As Sedna and Nephthys meandered through camp, Sedna explaining and Nephthys asking questions and chattering like a child, the others built a shield for the qulliq. They laid hides onto the sea bed to help protect them from the cold and piled the rest to use over their shoulders, heads and laps. Pim sliced several large, frozen salmon ready for eating, and they set the tripod and pot over the qulliq for drinking water.
Nephthys wanted to walk to the sea’s edge and, in the other direction, the land. They hadn’t seen Sedna walk so far, but she made no demur, and Morfran rejoiced in her strength and Nephthys’s presence. They were not invited to accompany the two, and none offered.
The camp readied for whatever ritual Nephthys intended, the group retreated to the tent’s shelter and the qulliq’s relative warmth.
“Is our task done if Nephthys can give Sedna hands?” Marceau asked Poseidon.
“I’m not sure. If healing her helps heal the spirit of this place and its people, we will accomplish much. I don’t know how to bring the sea and land together again, though, and we’re no closer to knowing how to repair the Yrtym.”
“I’m selfish,” said Pim. “I’m more concerned with my own place and people than those far away. I can’t help them. It’s only here I possess any power.”
“That’s not selfishness, but wisdom,” said Vasilisa. “It’s all any of us can do.”
“Will it be enough, though, if a few people here and there repair and build connection and understanding?” asked Clarissa. “Won’t it take everyone everywhere for the Yrtym to recover?”
Nobody knew.
“Surely not,” said Morfran at length. “After all, there are always those who act against others. Maybe there’s a tipping point, and for some reason now there’s more damage than usual to the fabric of connection. Maybe we don’t need everyone to regain the balance, just enough people.”

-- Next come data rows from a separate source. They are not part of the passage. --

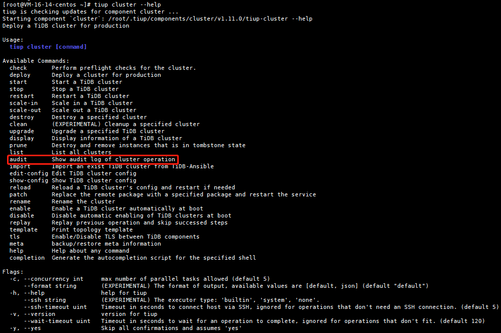 先执行tiup cluster --help 查看我们具体需要哪条命令:
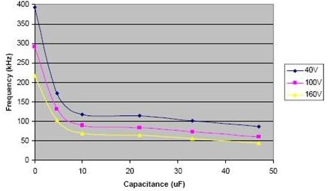 首先,我們來(lái)看一下電感的影響,假設(shè)沒(méi)有輸出電容(COUT)的存在,這樣負(fù)載電流和電感電流完全一致,能更清楚地說(shuō)明電感的影響。下圖給出了在輸入電壓的變化范圍內(nèi),電感值對(duì)頻率的影響。可以看出,輸入電壓對(duì)頻率的影響很大,電感值在輸入低電壓時(shí)對(duì)降低頻率有很大影響。(注:不一定是和參考圖完全一樣,在此只是說(shuō)明問(wèn)題)
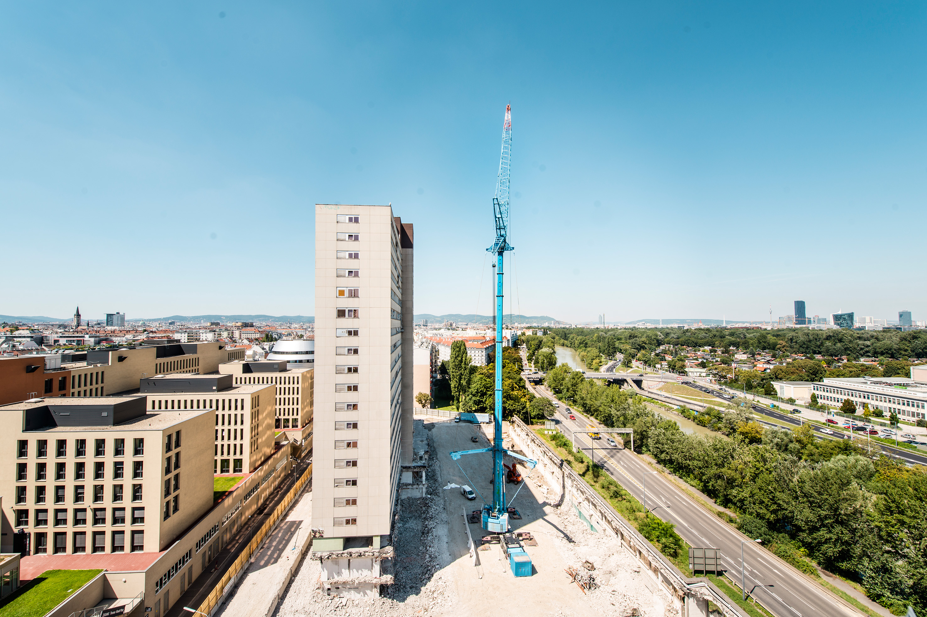 Nach der Entkernung startet nun der Abriss des 17-stöckigen Gebäudes
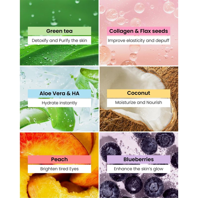 - TARGET DARK CIRCLES AND PUFFINESS: Utilize nutrient-rich superfoods like Green Tea Extract, Collagen, Peach, Coconut, Aloe Vera, and Hyaluronic Acid to revitalize under-eye areas effectively.
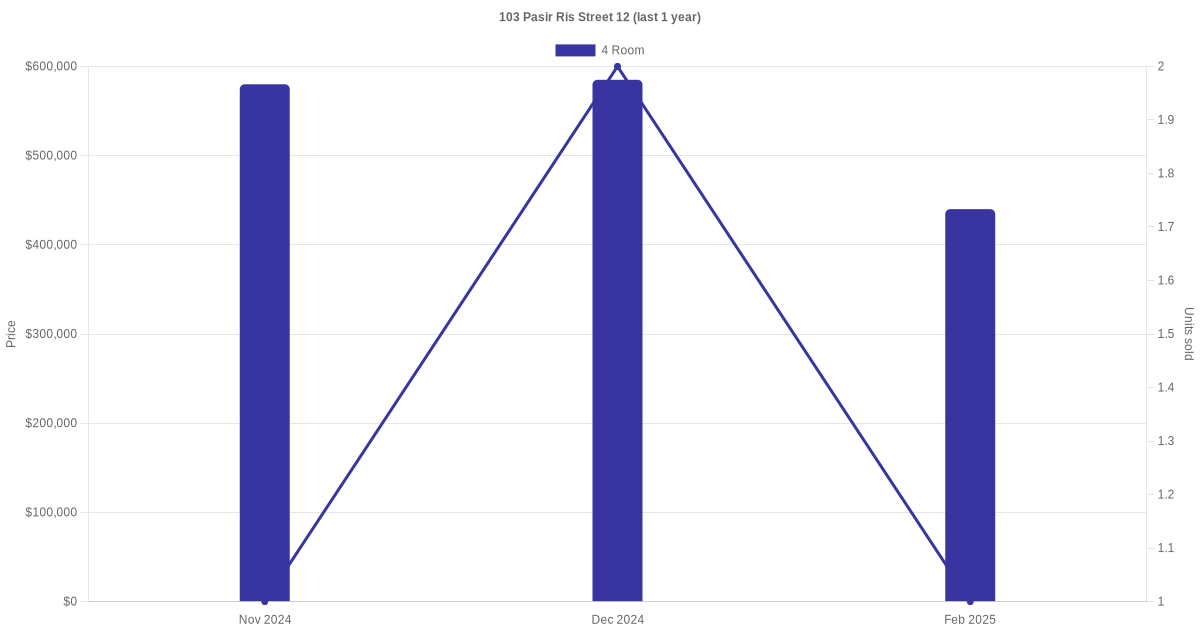 Below is a quick summary of the resale transactions volume and average price trends for the 4 room units at 103 Pasir Ris Street 12.

“All we can do is the best we can do,” said Marceau. “Sometimes it’s enough, and sometimes it’s not. I’m certain we can do more together, though.”
“We’ve helped Sedna,” Morfran said to Pim. “What do your people need to repair their relationship with her? How can we help them honor and respect her, instead of acknowledging her only in time of need?”
“I wish they could be part of Nephthys’s ritual,” said Pim. “If they could see the whole pattern of land and sea and its animals without fear and understand their place within it, they might heal.”
“Would they come out here with you?”
“No. I am suspect because I’m different. They don’t trust me. They would follow the shaman, though.”
“They need a new story,” said Clarissa. “We need to give them a new story.”
“But how?” asked Pim.
They looked at one another glumly.
Outside, they heard Sedna and Nephthys returning, still talking, above the whining wind.
Pim had built the qulliq shield with blocks of snow and ice stacked man high, providing good shelter from the wind. After they ate, he lifted the soapstone qulliq and carried it out of the tent, setting it on a flat stone inside the windbreak. Pim picked up his drum, a large, flat skin circle fastened to a round frame of precious willow wood. Vasilisa added tufts of arctic cotton and chopped blubber to the lamp so it burned hot and high. Nephthys sat in the circle’s center beside the qulliq and spread out the bones in its flickering light.
Morfran did not know what to expect. He’d heard stories about Nephthys reanimating bones with chant, dance and song, but he couldn’t imagine how she would create hands and reattach them to Sedna’s stumps.